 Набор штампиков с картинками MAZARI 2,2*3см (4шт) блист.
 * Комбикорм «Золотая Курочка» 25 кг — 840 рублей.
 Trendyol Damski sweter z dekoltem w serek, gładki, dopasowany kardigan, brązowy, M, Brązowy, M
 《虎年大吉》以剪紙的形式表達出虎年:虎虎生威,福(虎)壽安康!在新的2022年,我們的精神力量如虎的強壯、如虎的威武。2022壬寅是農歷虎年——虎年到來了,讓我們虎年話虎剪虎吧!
==
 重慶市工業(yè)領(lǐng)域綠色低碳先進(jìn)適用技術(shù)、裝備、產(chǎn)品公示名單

**GOAL OF THE EXERCISE:**
From the entries above, return exactly the line containing "Набор штампиков с", the line containing "Trendyol Damski sweter", and all lines between, and nothing else.

**TASK SOLUTION:**
 Набор штампиков с картинками MAZARI 2,2*3см (4шт) блист.
 * Комбикорм «Золотая Курочка» 25 кг — 840 рублей.
 Trendyol Damski sweter z dekoltem w serek, gładki, dopasowany kardigan, brązowy, M, Brązowy, M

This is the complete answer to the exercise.